From now on you do know him and have seen him.”
Jesus is the one who reveals the heart of the Father. "He is the radiance of the glory of God and the exact imprint of his nature" (see Hebrews 1:3). "He is the image of the invisible God" (see Colossians 1:15). What these verses tell us is that Jesus is so united with his Father that we actually encounter the Father through Jesus. We know him and see him.
Do you not believe that I am in the Father and the Father is in me?
The words that I speak to you I do not speak on my own.
The Father who dwells in me is doing his works.
The Father's work is being done and his words spoken in Jesus in such a way that we encounter both persons in the same encounter. We discover the heart of an obedient Son even as we at the same time discover the loving heart of the Father who has placed everything in his hands.

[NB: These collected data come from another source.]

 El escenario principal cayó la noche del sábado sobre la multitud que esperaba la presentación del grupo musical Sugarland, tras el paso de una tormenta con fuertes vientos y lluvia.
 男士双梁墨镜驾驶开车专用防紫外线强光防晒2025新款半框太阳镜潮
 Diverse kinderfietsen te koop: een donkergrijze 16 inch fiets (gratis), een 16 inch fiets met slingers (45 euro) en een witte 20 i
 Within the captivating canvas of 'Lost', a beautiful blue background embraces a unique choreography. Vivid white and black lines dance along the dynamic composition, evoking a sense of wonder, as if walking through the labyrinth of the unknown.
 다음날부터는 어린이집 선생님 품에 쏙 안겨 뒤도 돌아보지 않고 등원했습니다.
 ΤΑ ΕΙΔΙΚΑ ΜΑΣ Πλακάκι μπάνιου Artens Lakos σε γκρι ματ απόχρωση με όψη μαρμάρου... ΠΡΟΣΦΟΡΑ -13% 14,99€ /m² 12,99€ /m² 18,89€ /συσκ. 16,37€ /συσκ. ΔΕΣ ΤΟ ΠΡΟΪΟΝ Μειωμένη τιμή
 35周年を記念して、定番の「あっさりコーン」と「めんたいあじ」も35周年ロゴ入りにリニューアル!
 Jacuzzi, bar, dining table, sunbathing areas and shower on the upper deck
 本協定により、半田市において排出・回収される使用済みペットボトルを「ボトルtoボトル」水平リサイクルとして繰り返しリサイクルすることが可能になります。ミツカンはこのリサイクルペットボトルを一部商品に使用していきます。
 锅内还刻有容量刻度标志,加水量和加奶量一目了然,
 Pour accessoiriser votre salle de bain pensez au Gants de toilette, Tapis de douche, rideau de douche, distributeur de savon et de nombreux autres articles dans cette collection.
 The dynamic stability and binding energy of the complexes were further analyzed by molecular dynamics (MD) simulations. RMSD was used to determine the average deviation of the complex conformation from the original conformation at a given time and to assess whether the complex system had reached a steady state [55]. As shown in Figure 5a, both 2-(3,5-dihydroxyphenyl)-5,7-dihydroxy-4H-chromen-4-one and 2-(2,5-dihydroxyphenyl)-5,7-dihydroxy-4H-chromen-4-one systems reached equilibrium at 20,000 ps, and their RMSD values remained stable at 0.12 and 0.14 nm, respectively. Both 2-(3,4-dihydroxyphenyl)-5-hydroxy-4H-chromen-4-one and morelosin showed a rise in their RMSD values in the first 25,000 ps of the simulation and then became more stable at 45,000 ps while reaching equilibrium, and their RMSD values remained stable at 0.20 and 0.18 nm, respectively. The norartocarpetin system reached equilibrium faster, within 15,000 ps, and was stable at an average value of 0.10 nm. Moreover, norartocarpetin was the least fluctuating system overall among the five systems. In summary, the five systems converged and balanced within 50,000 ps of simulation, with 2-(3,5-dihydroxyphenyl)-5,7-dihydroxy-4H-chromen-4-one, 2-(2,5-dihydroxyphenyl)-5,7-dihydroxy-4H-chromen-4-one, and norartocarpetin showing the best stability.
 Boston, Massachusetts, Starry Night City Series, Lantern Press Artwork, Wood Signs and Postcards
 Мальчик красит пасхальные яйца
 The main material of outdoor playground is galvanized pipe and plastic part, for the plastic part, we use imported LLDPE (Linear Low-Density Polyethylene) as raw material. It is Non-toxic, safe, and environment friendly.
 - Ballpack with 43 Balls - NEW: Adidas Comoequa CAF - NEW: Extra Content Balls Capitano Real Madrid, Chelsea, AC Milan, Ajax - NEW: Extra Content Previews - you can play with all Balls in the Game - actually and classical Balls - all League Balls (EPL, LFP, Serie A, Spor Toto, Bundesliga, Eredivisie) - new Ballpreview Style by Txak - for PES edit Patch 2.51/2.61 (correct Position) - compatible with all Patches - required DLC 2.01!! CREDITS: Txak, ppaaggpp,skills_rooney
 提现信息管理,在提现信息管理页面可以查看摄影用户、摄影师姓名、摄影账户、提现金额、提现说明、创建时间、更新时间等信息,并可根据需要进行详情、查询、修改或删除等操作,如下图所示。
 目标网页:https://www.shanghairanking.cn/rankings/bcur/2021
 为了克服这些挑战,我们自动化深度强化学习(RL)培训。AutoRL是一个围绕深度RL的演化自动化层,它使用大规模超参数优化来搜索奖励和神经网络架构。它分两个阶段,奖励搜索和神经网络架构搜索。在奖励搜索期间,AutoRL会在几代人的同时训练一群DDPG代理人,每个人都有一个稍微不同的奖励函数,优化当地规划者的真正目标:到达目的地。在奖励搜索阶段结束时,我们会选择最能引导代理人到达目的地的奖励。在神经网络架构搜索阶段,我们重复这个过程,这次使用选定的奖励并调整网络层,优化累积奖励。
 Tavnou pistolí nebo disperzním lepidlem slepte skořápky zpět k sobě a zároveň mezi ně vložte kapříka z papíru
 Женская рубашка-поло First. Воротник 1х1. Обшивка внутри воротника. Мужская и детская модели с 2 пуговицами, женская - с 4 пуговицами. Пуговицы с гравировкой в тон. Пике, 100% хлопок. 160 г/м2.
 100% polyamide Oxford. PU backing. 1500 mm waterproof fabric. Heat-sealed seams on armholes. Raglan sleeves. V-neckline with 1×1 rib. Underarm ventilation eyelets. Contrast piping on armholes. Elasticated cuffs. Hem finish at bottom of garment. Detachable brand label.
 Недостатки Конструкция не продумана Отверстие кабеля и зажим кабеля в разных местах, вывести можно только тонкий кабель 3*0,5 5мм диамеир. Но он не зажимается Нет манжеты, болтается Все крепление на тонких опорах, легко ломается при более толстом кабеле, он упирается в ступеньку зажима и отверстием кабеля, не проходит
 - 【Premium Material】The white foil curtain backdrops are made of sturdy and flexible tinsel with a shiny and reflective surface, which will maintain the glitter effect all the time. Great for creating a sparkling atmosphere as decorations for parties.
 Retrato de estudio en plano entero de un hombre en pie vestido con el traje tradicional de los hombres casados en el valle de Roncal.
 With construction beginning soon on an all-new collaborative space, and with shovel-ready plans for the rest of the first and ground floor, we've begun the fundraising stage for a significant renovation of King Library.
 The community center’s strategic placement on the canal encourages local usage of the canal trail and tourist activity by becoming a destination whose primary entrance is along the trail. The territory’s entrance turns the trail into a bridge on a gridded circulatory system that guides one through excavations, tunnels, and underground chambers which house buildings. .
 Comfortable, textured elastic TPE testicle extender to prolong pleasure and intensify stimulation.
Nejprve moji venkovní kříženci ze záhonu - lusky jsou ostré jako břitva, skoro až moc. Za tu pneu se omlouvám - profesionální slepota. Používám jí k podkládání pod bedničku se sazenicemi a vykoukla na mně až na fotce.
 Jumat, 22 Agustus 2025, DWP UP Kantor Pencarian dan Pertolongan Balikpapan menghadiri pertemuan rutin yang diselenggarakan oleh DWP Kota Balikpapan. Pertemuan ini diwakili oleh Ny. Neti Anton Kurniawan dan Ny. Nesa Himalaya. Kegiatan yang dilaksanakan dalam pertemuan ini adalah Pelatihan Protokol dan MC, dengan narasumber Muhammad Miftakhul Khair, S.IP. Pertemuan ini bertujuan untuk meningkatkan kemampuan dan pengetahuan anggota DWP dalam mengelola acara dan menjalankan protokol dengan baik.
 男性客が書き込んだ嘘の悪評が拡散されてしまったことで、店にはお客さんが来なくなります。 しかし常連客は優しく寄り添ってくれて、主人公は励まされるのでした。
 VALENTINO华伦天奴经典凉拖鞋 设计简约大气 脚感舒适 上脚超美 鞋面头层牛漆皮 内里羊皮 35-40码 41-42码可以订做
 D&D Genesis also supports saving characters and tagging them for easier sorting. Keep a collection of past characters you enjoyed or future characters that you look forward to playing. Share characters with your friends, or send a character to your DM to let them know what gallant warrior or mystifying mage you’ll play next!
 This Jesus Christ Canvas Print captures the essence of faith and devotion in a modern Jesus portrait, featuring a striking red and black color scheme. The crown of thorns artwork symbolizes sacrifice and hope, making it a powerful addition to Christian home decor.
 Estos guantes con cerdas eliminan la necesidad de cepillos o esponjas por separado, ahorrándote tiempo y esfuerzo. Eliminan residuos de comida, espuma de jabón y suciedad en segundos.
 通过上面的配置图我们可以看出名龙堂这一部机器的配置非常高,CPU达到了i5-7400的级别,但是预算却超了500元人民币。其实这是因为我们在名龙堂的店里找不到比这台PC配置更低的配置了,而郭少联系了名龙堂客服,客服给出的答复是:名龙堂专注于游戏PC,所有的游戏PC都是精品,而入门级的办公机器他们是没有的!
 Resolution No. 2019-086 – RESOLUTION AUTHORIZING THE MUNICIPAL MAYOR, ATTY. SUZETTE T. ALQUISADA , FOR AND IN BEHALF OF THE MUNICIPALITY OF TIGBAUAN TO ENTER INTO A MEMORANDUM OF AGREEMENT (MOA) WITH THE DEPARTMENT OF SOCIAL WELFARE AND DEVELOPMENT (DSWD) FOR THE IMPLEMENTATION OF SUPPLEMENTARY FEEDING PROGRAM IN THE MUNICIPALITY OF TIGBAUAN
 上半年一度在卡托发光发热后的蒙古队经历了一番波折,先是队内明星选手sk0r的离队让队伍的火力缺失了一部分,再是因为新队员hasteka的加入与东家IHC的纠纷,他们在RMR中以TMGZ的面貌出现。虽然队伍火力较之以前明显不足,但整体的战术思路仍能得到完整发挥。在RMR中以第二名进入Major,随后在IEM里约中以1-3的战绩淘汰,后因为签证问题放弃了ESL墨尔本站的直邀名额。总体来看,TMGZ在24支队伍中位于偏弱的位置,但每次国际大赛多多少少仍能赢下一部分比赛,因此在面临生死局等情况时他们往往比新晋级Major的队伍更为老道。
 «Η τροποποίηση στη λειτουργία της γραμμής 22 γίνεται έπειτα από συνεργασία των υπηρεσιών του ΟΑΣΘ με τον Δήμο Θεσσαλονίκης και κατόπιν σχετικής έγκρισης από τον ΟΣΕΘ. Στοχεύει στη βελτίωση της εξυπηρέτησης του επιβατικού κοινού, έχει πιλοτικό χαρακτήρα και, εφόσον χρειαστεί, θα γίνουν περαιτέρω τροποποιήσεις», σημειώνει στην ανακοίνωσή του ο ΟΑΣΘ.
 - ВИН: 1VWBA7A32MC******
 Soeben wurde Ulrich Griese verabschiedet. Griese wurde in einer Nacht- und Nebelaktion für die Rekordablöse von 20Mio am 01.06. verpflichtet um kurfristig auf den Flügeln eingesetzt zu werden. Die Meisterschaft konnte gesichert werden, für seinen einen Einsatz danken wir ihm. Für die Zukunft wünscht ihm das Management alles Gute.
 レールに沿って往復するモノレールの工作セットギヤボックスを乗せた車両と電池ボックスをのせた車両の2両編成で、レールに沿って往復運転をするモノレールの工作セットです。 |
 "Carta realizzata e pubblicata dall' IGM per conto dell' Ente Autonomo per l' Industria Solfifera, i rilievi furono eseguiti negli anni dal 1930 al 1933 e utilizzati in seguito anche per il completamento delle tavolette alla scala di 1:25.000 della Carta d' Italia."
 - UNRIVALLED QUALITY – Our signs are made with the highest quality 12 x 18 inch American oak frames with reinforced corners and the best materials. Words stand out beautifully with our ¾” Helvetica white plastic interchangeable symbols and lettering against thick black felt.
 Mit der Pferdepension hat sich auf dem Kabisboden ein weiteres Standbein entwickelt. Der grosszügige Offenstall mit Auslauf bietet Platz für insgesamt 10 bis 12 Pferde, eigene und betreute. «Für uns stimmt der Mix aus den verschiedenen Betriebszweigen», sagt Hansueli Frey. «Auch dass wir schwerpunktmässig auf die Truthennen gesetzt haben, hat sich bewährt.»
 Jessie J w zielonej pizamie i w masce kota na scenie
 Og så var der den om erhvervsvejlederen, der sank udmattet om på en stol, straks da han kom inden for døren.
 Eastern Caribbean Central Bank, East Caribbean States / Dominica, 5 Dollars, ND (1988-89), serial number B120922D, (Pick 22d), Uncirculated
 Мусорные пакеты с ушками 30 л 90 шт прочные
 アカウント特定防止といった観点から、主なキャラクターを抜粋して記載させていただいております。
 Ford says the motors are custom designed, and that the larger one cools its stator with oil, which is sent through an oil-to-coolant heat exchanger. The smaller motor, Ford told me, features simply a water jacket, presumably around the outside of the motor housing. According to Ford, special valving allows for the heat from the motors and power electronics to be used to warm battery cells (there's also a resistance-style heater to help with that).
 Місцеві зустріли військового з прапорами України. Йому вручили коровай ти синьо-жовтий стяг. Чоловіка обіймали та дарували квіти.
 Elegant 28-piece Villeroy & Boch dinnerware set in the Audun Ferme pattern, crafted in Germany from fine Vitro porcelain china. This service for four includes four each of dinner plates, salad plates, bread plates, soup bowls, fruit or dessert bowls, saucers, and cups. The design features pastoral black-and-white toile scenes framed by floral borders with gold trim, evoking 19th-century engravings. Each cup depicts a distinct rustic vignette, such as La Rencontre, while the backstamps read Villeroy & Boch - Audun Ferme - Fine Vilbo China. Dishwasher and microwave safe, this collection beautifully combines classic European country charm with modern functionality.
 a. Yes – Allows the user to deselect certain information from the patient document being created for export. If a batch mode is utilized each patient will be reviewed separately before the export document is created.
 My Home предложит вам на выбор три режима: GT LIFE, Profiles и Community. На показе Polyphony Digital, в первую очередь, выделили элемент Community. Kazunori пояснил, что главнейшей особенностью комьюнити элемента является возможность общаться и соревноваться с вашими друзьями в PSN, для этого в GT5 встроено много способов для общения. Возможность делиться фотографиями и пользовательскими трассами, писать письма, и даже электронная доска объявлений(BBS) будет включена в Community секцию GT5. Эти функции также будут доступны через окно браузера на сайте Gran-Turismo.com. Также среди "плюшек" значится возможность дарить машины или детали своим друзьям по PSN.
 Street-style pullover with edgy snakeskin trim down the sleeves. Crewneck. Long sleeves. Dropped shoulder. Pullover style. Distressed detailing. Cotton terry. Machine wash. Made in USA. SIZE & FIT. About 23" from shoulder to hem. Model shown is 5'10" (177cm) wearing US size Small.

Without Jesus the Father's face is not made known. We are left with a vague sense of fear before God's justice. Perhaps we even find traces of his love and mercy. Yet without the revelation of God in Christ we would never know the depths of the love of the Father for us. But through Jesus we learn that he does not desire to be distant from us but rather wants to be Father to us as well. His is Fatherhood in the truest sense, and so he is "the Father, from whom every family in heaven and on earth is named" (see Ephesians 3:14-15).
Jesus wants us to know who he is, true Son of the Father, because in knowing him we know the Father. And knowing the Father really is "enough for us." The one who is Father more truly than earthly fathers longs to hold us in his embrace. This is the fullness into which we are invited by Jesus.
Just as Jesus reveals the Father we are meant to reveal Jesus by our own lives. People should be able to look at us and notice something greater at work in us, something, perhaps, which eludes firm definition, but something that makes them curious.
For so the Lord has commanded us,
I have made you a light to the Gentiles,
that you may be an instrument of salvation
to the ends of the earth.
Revealing Jesus to the world means sharing not only in his glory but also in his suffering and persecution, at least in some small degree. We are called to bear our share of hardships for the sake of the gospel. But, as Paul reminds Timothy, we are to do so with the strength that comes from God (see Second Timothy 1:8).
On our own we remain fruitless when trials come. For the sake of the love of the Father Jesus embraced suffering and the cross. Therefore we can in turn be united to him by love, that our suffering can bear fruit. When we are scattered we are not lost but are rather sown as seeds.
So they shook the dust from their feet in protest against them
and went to Iconium.
The disciples were filled with joy and the Holy Spirit.